Alicja Tchorz, Bartosz Piszczorowicz, Aleksandra Polanska, Mateusz Chowaniec, Dominika Kossakowska and Jan Holub were identified as the swimmers who were sent home after being told they were a part of the Olympic team. According to Reuters, the Poland swimming federation (PZP) sent 23 swimmers to Japan but were forced to cut the roster down to 17 based on qualifying rules.

"I express great regret, sadness and bitterness about the situation related to the qualification of our swimmers for the Olympic Games in Tokyo," he said in a statement. "Such a situation should not take place, and the reaction of the swimmers, their emotions, the attack on the Polish Swimming Federation is understandable to me and justified."
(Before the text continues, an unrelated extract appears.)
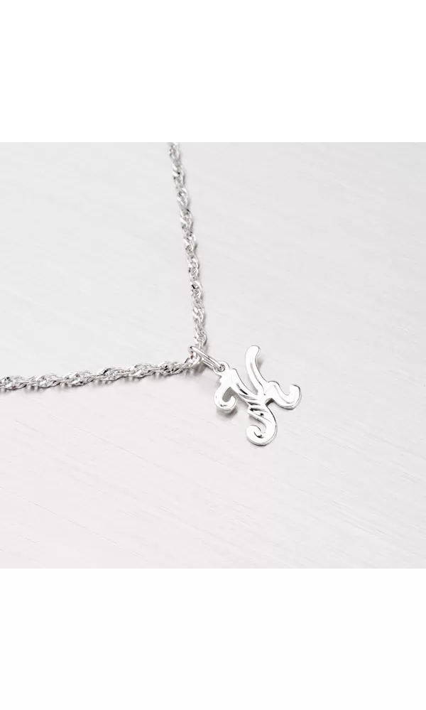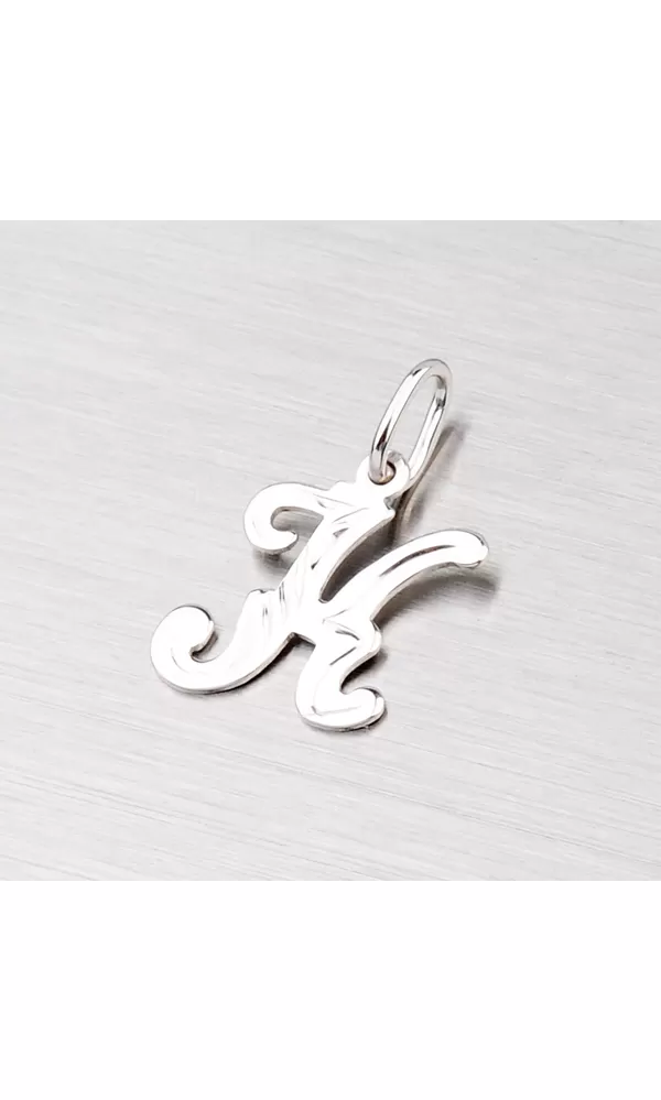 Jemný prívesok v tvare písmenka K z bieleho štrnásťkarátového zlata rýdzosti 585/1000 v lesklej povrchovej úprave. K prívesku je vhodné použiť retiazku s priemerom 1,50 mm.

As for the reasoning behind the error, Slominski explained it was due to the "desire to allow as many players and coaches as possible to take part in the Games."

"Imagine dedicating five years of your life and striving for another start at the most important sporting event ... giving up your private life and work, sacrificing your family ... your dedication results in a total flop," Tchorz said in a Facebook post.

Tchorz swam for Poland in 2012 and 2016.

"I'm deeply shocked by what happened... this is an absurd situation for me that should never have happened. In fact, I hope to wake up from this nightmare eventually," Chowaniec said on Instagram.

Poland had 20 swimmers at the 2016 Olympics and 19 swimmers in the 2012 Olympics. The country didn’t medal in either Games.

Overall, Poland has won six medals in swimming – one gold, three silver and two bronze.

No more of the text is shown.